流行病学证据表明PM2.5暴露与病毒传播增加有关，但PM2.5的化学成分对病毒易感性的影响尚不清楚。我们研究了广州市区PM2.5中水溶性物质（WSM）的成分及其与A549细胞中伪SARS-CoV-2传染性、炎症和抗病毒反应的关系。化学分析显示，所有样品的化学成分都存在相当大的差异，尽管所有样品都以无机离子（如NO3−，SO42−,NH4+）和WSOM（如脂质，氧芳香化合物）为主，金属成分占约1.2%，主要是Cu， Fe和Al。WSM暴露可提高病毒感染性（1.3 - 5.6倍），IL-8和TNF-α的生成（1.2 - 5.2倍），并抑制IFN-β 24% - 74%，对IFN-α和表面活性剂蛋白的影响最小。一项可解释的机器学习分析表明，过渡金属（如Ni、V、Mn、Fe）、无机离子（如SO42−、Na+、K+）、高度不饱和的氧芳香化合物（Xc≥2.5、DBE≥6）和0.2 < O/C≤0.6和0.9 < H/C <； 2.5的蛋白1与IL-8和TNF-α诱导呈正相关，而微量金属（如Cr、Al）和0.6 <； O/C≤1和1.2 < H/C <； 2.5的蛋白2都与增强的感染性和IFN-β抑制有关。值得注意的是，在WSM和WSM +病毒共暴露期间，病毒传染性与炎症细胞因子不相关，但与IFN-β表达呈负相关，这表明PM2.5可能破坏干扰素介导的防御，从而加剧病毒的易感性。我们的研究揭示了PM2.5被忽视的健康风险，从而填补了理解PM2.5暴露对健康的多方面影响的关键空白。

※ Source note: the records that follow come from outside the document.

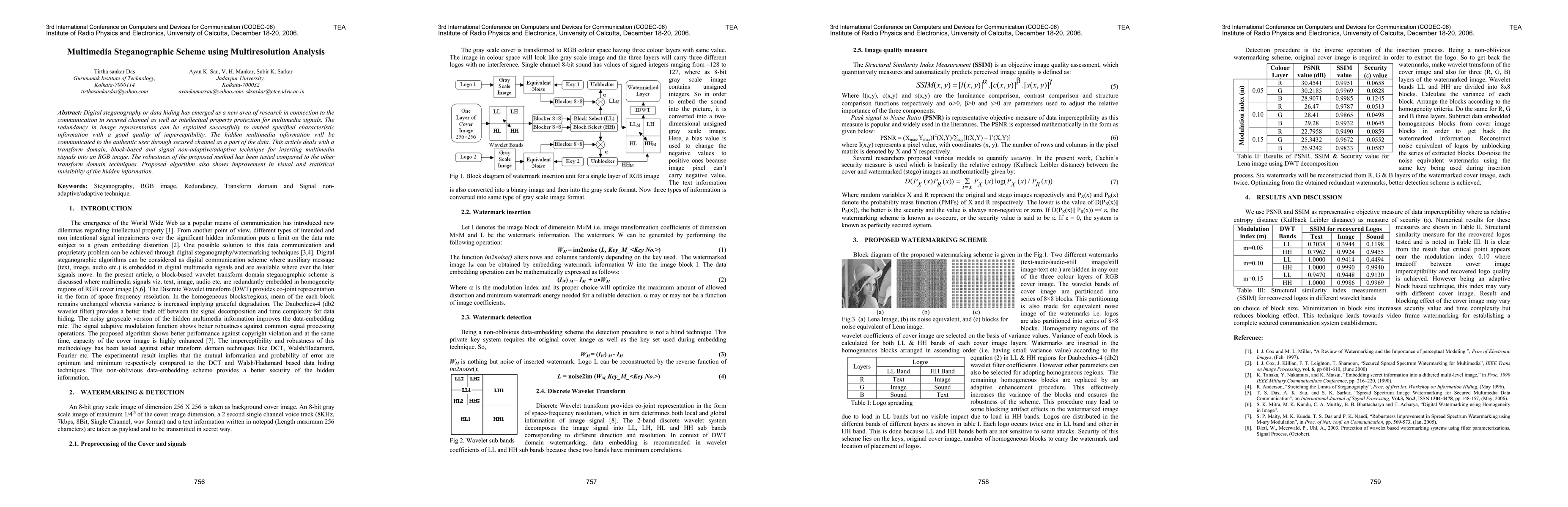 Digital steganography or data hiding has emerged as a new area of research in connection to the communication in secured channel as well as intellectual property protection for multimedia signals. The redundancy in image representation can be exploited successfully to embed specified characteristic information with a good quality of imperceptibility. The hidden multimedia information will be communicated to the authentic user through secured channel as a part of the data. This article deals with a transform domain, block-based and signal non-adaptive/adaptive technique for inserting multimedia signals into an RGB image. The robustness of the proposed method has been tested compared to the other transform domain techniques. Proposed algorithm also shows improvement in visual and statistical invisibility of the hidden information.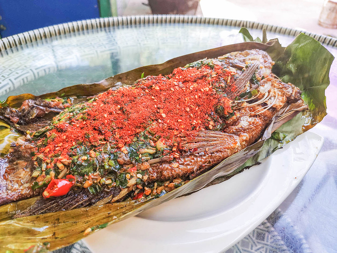 在一寨兩國景區外的小店,點了一條燒魚,這是這次的旅遊在 雲南 吃的第一頓跟粉面餌絲無關的飯菜,由於吃不慣灑在表面的調料,有種嗆喉的感覺,可以撥開調料後,醬油的味道與魚質十分配合,口感非常好,我一個人把魚吃了大半,除此還點了一個涼伴皮蛋和炒青菜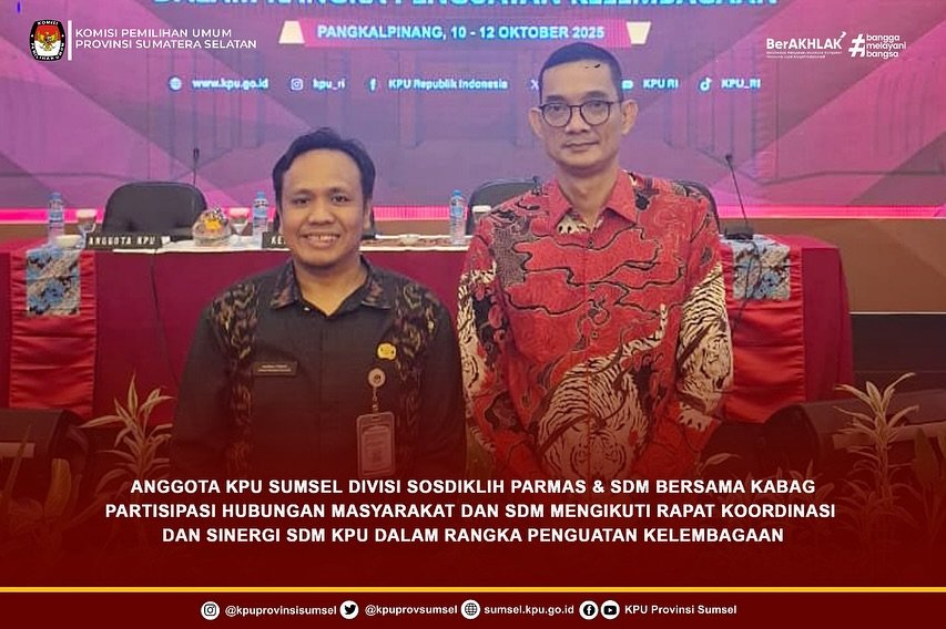 #Temanpemilih Anggota KPU Sumsel Divisi Sosialisasi Pendidikan Pemilih Partisipasi Masyarakat dan Sumber Daya Manusia, Bapak Prahara Andri Kusuma bersama Kabag Partisipasi Hubungan Masyarakat dan SDM, Bapak Akhmad Ferdian mengikuti rapat koordinasi dan sinergi SDM KPU dalam rangka penguatan kelembagaan di Pangkal Pinang, 11 s.d. 12 Oktober 2025.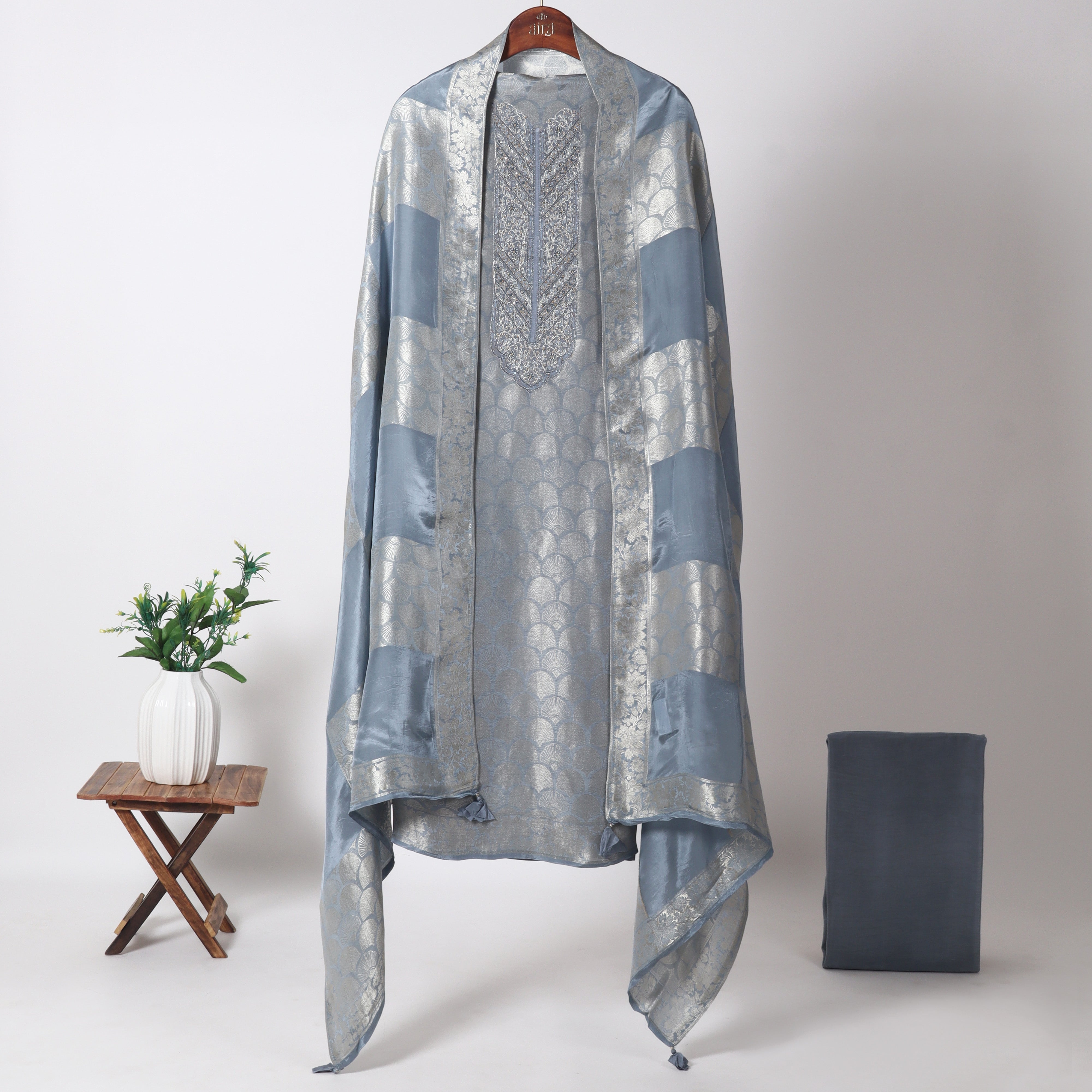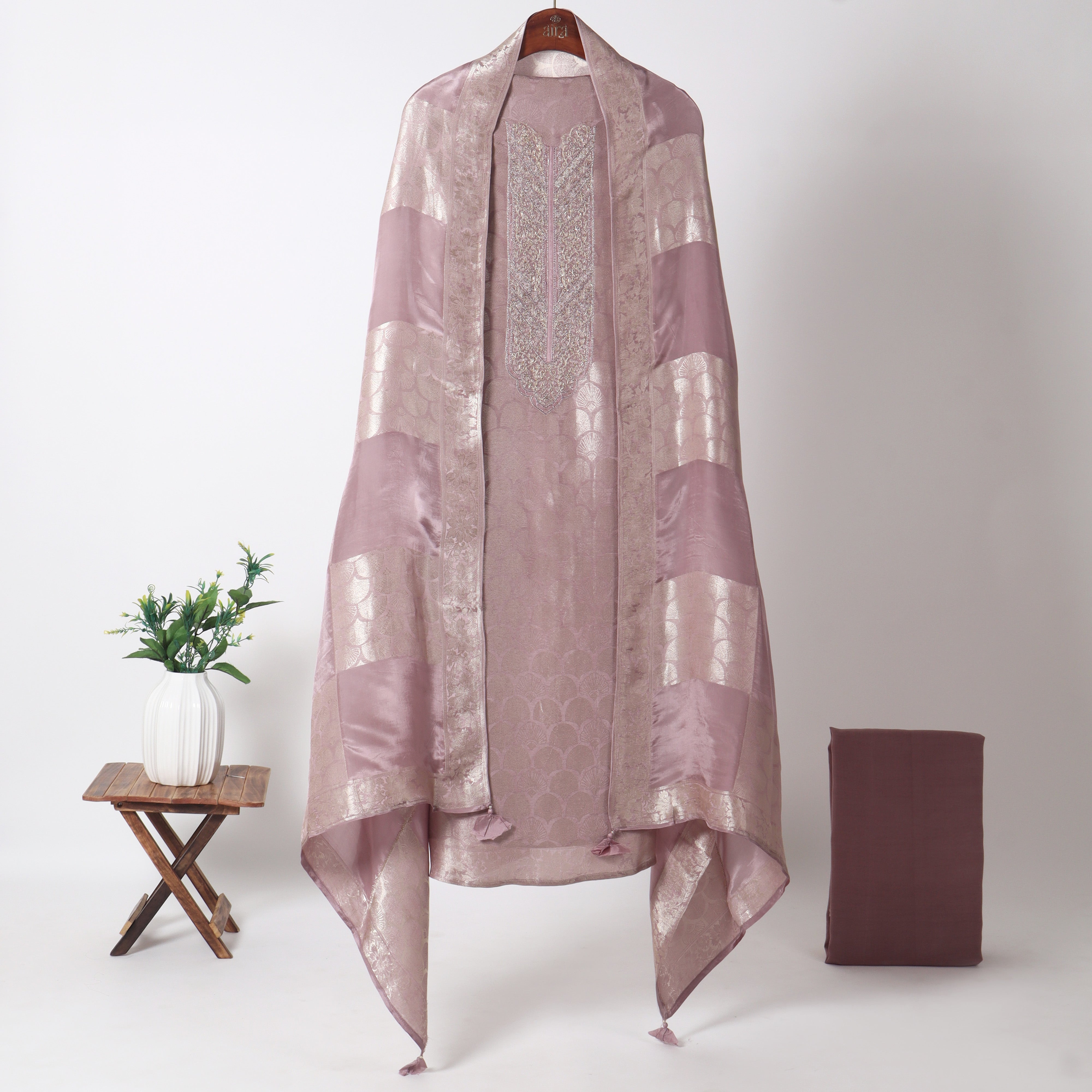 Refresh availabilityStep into elegant radiance with this Unstitched Tissue Suit, crafted from luxurious tissue fabric known for its soft shimmer, lightweight feel and graceful drape. Its festive sheen and rich texture make it a perfect choice for weddings, parties and traditional celebration

本文章由计算机程序翻译，如有差异，请以英文原文为准。

求助全文

约1分钟内获得全文求助全文

来源期刊

Atmospheric Environment 环境科学-环境科学

CiteScore

9.40

自引率

8.00%

发文量

458

审稿时长

53 days

期刊介绍： Atmospheric Environment has an open access mirror journal Atmospheric Environment: X, sharing the same aims and scope, editorial team, submission system and rigorous peer review. Atmospheric Environment is the international journal for scientists in different disciplines related to atmospheric composition and its impacts. The journal publishes scientific articles with atmospheric relevance of emissions and depositions of gaseous and particulate compounds, chemical processes and physical effects in the atmosphere, as well as impacts of the changing atmospheric composition on human health, air quality, climate change, and ecosystems.